Dare to Live
I've been thinking a lot lately about how Jenny & I spend our time together, how we support our family and what we do for work. About how it all fits together and ties in with the values we want to embody. We've been striving to create a life that allows us as much time to take our kids on adventures as possible. We want to see the world together. And we want to make sure the things we choose to pursue make the world a better place in some way, whether it's telling stories with our cameras or blogging about intentional parenting or making encouragement cards for folks to tell others they love them.
These last few years have been HARD for us. Some of our businesses haven't worked out like we'd planned. And Life has thrown us a few curve balls, with 2 of our 3 kids being diagnosed with Cystic Fibrosis within the past 5 months. Life hasn't been the kindest to the Solars. It's been hard on our marriage. Hard on our stress levels. Hard on our bank account. Hard on our patience levels around the house. It's been hard on me dealing with the fact that right now we were supposed to be in Ireland, and we're in Kansas City. We had to postpone our 5 month family trip to Europe due to the kids' illnesses, and it's been tough. Life is hard and messy, but there's beauty and joy to be found amongst all the chaos.
Right now, in this moment, I'm happier than I've ever been. We've moved through the messiness and found grace + love. Jenny + I are closer than ever. Our marriage is healthier and stronger than ever (and we've been together for over 18 years now!). Life is settling down a bit and dealing with the kids CF treatments has forced us to slow down and enjoy our time together a lot more. Max is healthier than we've seen him in two years and he has that youthful exuberance back again. He's put on 20 pounds and is laughing again. More importantly, he's healthy enough to pester his mom and sisters. Our house is filled with so much joy for the first time in a long time. Nightly tickle fights and wrestling matches and our weekends are filled with Fun Fests (Fun Fest = make a list of all the fun things you can do in a day and then do them).

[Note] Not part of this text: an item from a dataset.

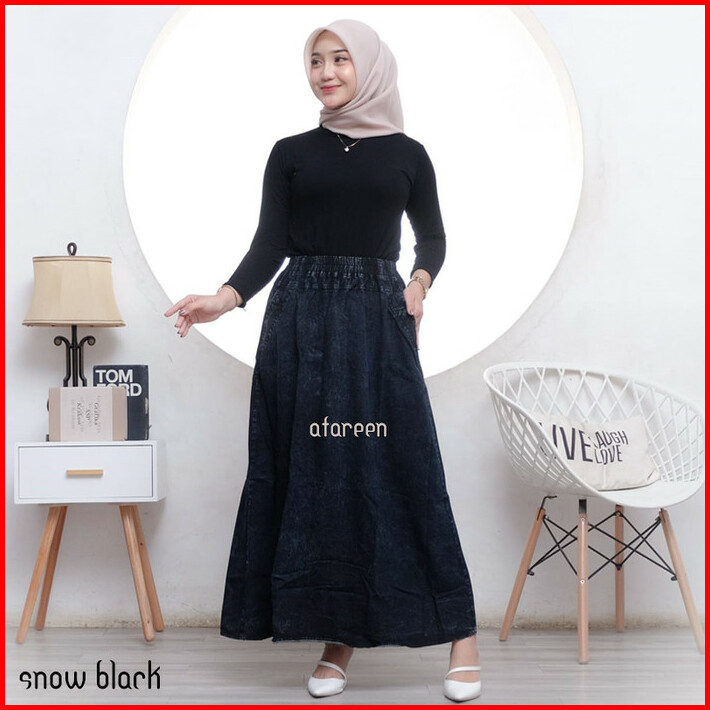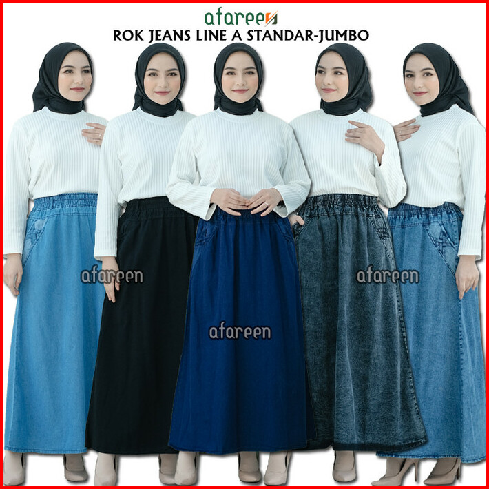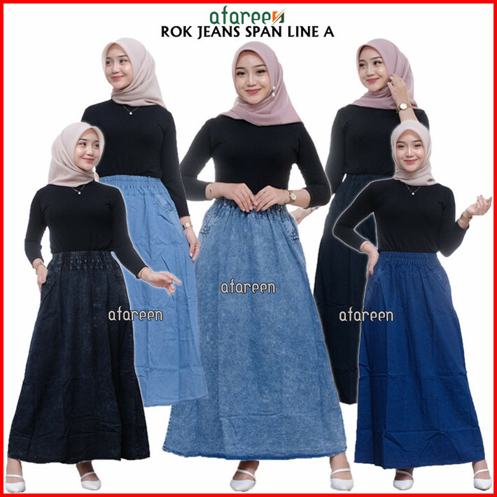 Rok Jeans Panjang Denim Rok Span Rok Skrit Wanita Jumbo

And for the first time, in a long time, the path I've been on is lighting me up. My time is filled with projects that make me happy. And that was missing for a long time. Amongst all the chaos, I've found happiness and contentment. I've chosen to move through my frustrations and anger at what was going on in my life and I've got to a place of acceptance and love. I want to live from that place for the rest of my days. Surrendering to whatever comes my way and responding with LOVE.
Friends, the point of this post is this...you never know what life is going to throw your way. Oftentimes what shows up in life is not what you want or ever want to deal with, but that's not how life works. I know you all have dreams for yourselves. You all have an idea of how you want to spend your time. I'm urging you to start right now and take tiny steps towards those dreams. Just wake up every day, start with some gratitude and love and live the rest of the day from that mental space.
I'm living proof that if you never ever give up, and put LOVE at the forefront of your life, that you'll get to where you want to be. It hasn't been easy, and I have a long way to go. But if life was always easy, would you ever be able to fully appreciate the journey? The struggles have made me stronger, a better husband, a better father, and a better human.
I know you're going through something... we all have that something. But I want you to never give up. Ever. You deserve to live the life of your dreams. We all do. And it's not an easy path to get there. Just keep going and let a wide open love guide you, you'll always be on the path to the life you envision. You can find happiness amidst life's ups and downs. Don't let life keep you from living.